JFE Holdings Inc., Japan’s second-largest steelmaker, is seeking to increase prices next quarter to pass on higher material costs to carmakers and other buyers.

The company plans to increase domestic contract prices by between 3,000 yen ($36) and 5,000 yen a metric ton in the period starting Jan. 1, Tsutomu Yajima, executive vice president at the company’s steel unit, told reporters today in Tokyo. It plans to raise the price of export hot-rolled coils by $100 to $750 a ton, the first increase in three quarters.

Contract prices for iron ore, used to make steel, will increase by $10 to $137 a ton in January to March quarter from the preceding quarter, Yajima said.
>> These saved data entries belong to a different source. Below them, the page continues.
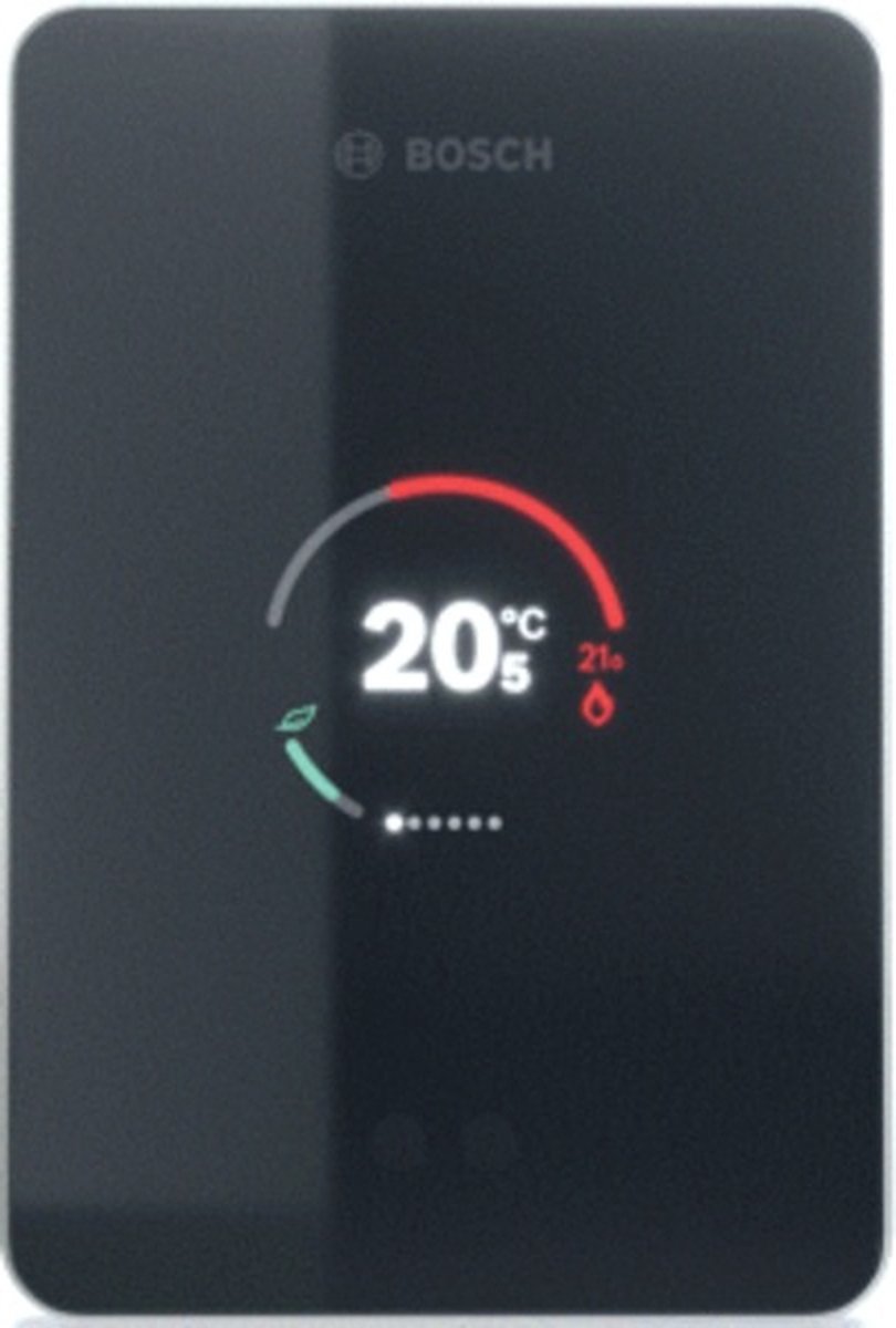 De Bosch EasyControl slimme thermostaat helpt huishoudens in Nederland eenvoudig energie besparen dankzij automatische aanwezigheidsdetectie. Het platte design met zwart glas past moeiteloos in je interieur en reageert met subtiele kleurverlichting.
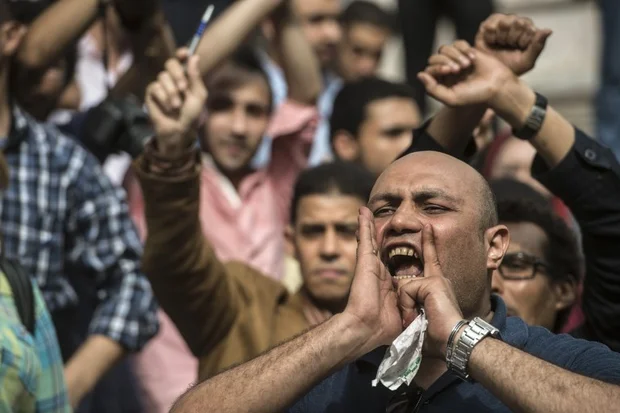 Egyptian journalists take part in a protest outside the Syndicate headquarters in Cairo on 3 May 2016 on the occasion of World Press Freedom day (AFP)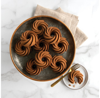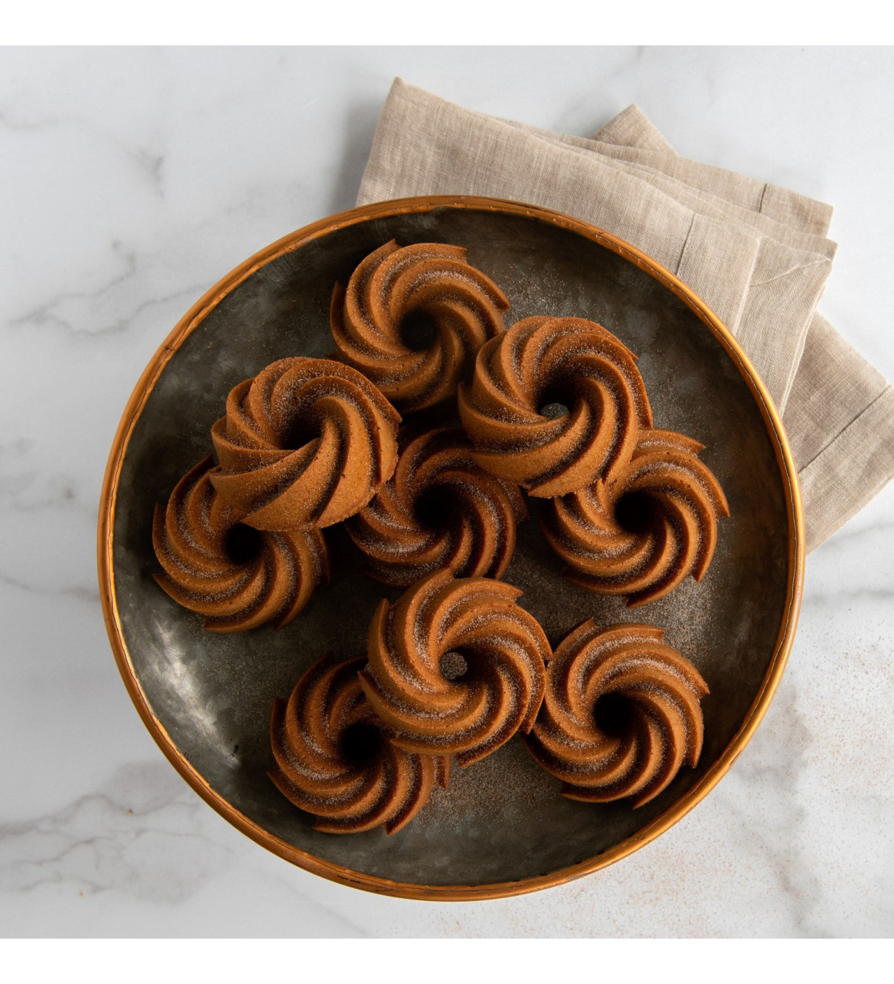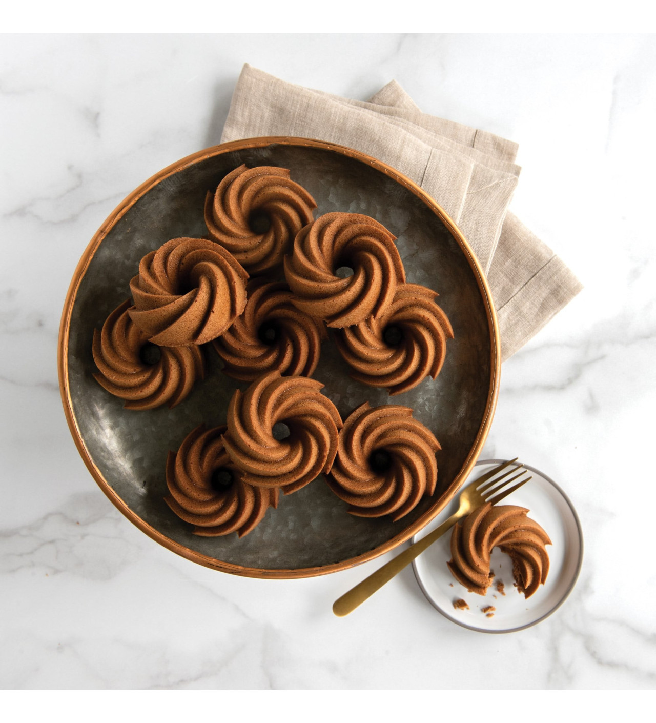 ¿Se te antoja algo dulce, pero no quieres complicarte con un bizcocho grande? Prepara porciones individuales de tus postres favoritos con un diseño llamativo e irresistible gracias al molde mini Bundt cake Heritage de Nordic Ware.

BHP Billiton Ltd. is seeking an 8 percent increase in coking coal prices next quarter from Japanese steelmakers, the Nikkei newspaper reported today.

“We haven’t fully covered our costs and will have to ask to increase prices,” Yajima said.

JFE is in final discussion with coking coal suppliers to settle prices for the January quarter, he said, without giving a percentage increase.

The company has been seeking shorter-term contracts with customers after BHP, the world’s largest mining company, abandoned annual pricing on coking coal and iron ore this year in favor of quarterly contracts with steelmakers as spot prices rose.

For domestic customers with six-month contracts, the company plans to raise steel prices by between 1,500 yen and 2,500 yen in the fiscal second half ending March 2011.

JFE shares fell 0.6 percent to 2,673 yen as of 2:52 p.m. on the Tokyo Stock Exchange.